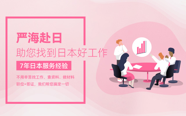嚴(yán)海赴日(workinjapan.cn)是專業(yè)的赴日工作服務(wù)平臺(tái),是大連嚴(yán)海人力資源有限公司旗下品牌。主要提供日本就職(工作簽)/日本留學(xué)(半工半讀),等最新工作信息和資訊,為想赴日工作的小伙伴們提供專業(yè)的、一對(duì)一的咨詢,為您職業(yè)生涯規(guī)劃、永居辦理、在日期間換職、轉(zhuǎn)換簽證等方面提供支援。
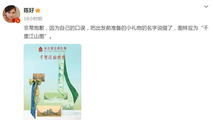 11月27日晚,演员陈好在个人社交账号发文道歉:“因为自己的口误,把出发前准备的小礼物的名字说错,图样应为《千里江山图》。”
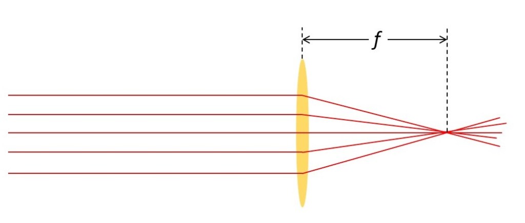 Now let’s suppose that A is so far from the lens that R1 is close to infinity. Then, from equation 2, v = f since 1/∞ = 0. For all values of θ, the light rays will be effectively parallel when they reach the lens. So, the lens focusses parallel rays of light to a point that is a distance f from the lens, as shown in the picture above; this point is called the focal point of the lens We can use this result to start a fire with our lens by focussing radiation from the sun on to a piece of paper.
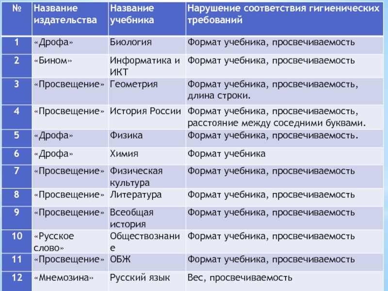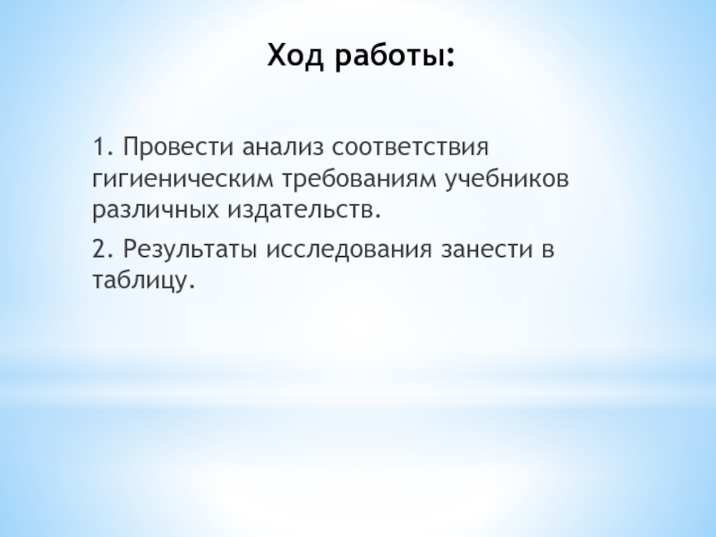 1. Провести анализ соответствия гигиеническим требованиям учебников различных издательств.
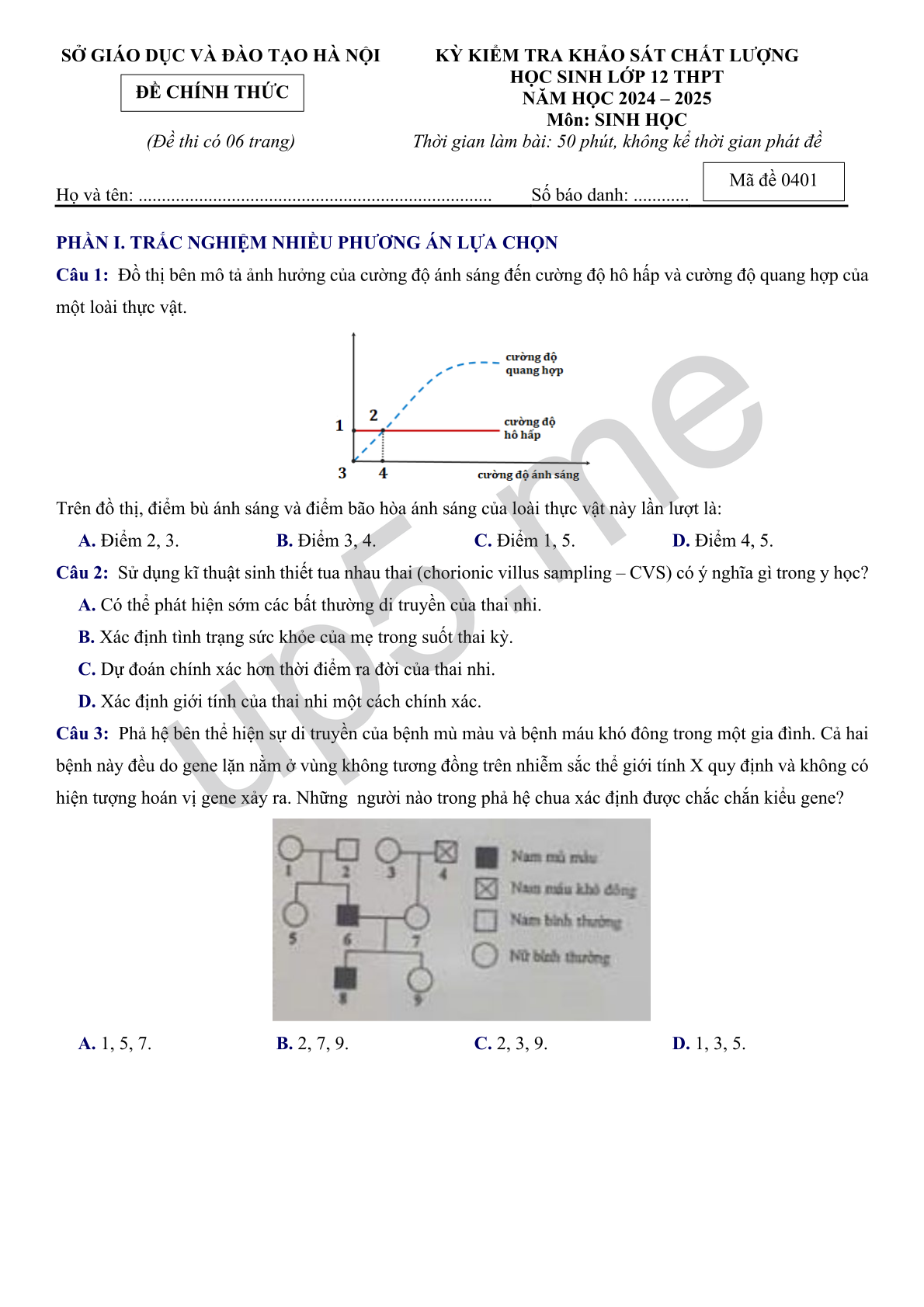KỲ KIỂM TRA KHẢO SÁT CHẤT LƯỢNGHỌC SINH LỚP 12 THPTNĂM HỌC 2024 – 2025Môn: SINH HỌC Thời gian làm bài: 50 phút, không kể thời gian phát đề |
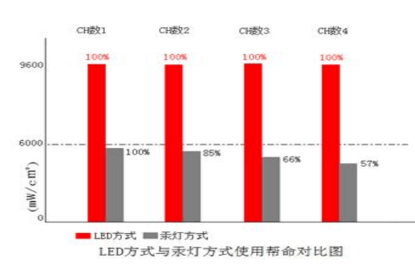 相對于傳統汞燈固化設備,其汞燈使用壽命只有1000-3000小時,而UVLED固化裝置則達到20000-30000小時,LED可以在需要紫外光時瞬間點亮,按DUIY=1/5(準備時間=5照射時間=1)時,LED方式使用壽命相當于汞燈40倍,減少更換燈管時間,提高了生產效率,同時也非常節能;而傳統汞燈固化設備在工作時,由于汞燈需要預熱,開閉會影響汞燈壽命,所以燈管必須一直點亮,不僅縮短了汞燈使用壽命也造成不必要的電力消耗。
============
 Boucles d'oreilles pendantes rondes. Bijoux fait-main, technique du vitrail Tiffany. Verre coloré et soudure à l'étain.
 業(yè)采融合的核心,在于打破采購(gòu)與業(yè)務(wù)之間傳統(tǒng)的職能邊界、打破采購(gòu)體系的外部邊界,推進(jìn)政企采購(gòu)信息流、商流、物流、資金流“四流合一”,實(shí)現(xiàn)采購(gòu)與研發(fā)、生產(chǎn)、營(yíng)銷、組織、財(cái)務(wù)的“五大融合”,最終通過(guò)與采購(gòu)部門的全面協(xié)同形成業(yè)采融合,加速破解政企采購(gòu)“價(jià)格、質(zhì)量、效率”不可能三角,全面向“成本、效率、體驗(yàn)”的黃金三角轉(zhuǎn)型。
============
WHAT THE EXERCISE ASKS
Extract, without any images, the part of the material above that opens with the line containing "嚴(yán)海赴日(work" and closes with the line containing "11月27日晚,演员陈好在个", both lines included.

RESPONSE TO THE EXERCISE
嚴(yán)海赴日(workinjapan.cn)是專業(yè)的赴日工作服務(wù)平臺(tái),是大連嚴(yán)海人力資源有限公司旗下品牌。主要提供日本就職(工作簽)/日本留學(xué)(半工半讀),等最新工作信息和資訊,為想赴日工作的小伙伴們提供專業(yè)的、一對(duì)一的咨詢,為您職業(yè)生涯規(guī)劃、永居辦理、在日期間換職、轉(zhuǎn)換簽證等方面提供支援。
 11月27日晚,演员陈好在个人社交账号发文道歉:“因为自己的口误,把出发前准备的小礼物的名字说错,图样应为《千里江山图》。”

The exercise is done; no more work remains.